The first verses tell us how Jacob made clear his love for Joseph best of all his sons with the gift of an elaborate coat, and how this favourite made himself very unpopular with his brothers by telling on some of them, and then telling them of dreams in which he ruled over them. All of us would, I think, agree that this is not the way to win friends. Joseph’s brothers grew to hate him.

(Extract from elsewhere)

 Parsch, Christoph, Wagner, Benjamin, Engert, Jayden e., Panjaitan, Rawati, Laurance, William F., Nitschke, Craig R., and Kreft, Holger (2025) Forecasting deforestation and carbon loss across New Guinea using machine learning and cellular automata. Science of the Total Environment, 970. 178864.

The brothers, no doubt, would have seen that Joseph, although younger, was likely to receive both the birth-right (as firstborn to Jacobs’s favourite wife) and Jacob’s blessing (making him their leader). They would have wanted to make sure that Joseph’s dreams had no chance of coming to pass and when the opportunity presented itself to do away with him, they took it, though they did not kill him (Gen 37:27). They then allowed a deception of bloodied clothing to play out with their father, without actually speaking a lie (Gen 37:32).

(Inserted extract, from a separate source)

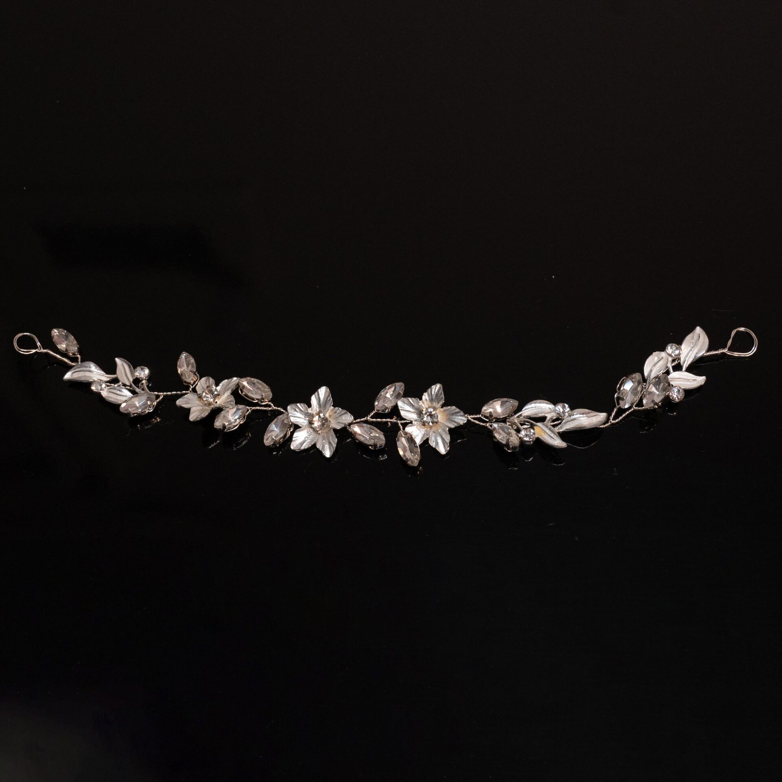 Νυφικό στεφανάκι μαλλιών σε ασημί χρώμα με λουλουδένιο σχέδιο, φύλλα και κρυστάλλους. Ένα ρομαντικό αξεσουάρ που ολοκληρώνει την bridal εμφάνιση με φινέτσα και πολυτελή λάμψη.

Mankind is extraordinarily clever at creating a smokescreen of righteousness in the middle of sin. I have worked in businesses that have proudly talked of holding the moral high ground while having deviously got the better of a competitor. I think that the brothers may well have convinced themselves that providence had taken a hand and their actions were all for ‘the greater good’. In the end, of course, God did work it for good – but Joseph’s brothers were greatly humbled.
Then, in chapter 38 comes the story of Judah, who sought righteousness his way, moving away from the hypocrisy and infighting within Jacob’s camp and setting up his own family separately.
Judah chose Tamar, a good wife, for his first son Er. When Er displeased God and died, Judah told his second son to do his duty by the widow Tamar as a brother-in-law. When the second son also displeased God and died, this proved too much for Judah, who tried to make the problem go away by sending daughter-in-law Tamar back to her father’s house.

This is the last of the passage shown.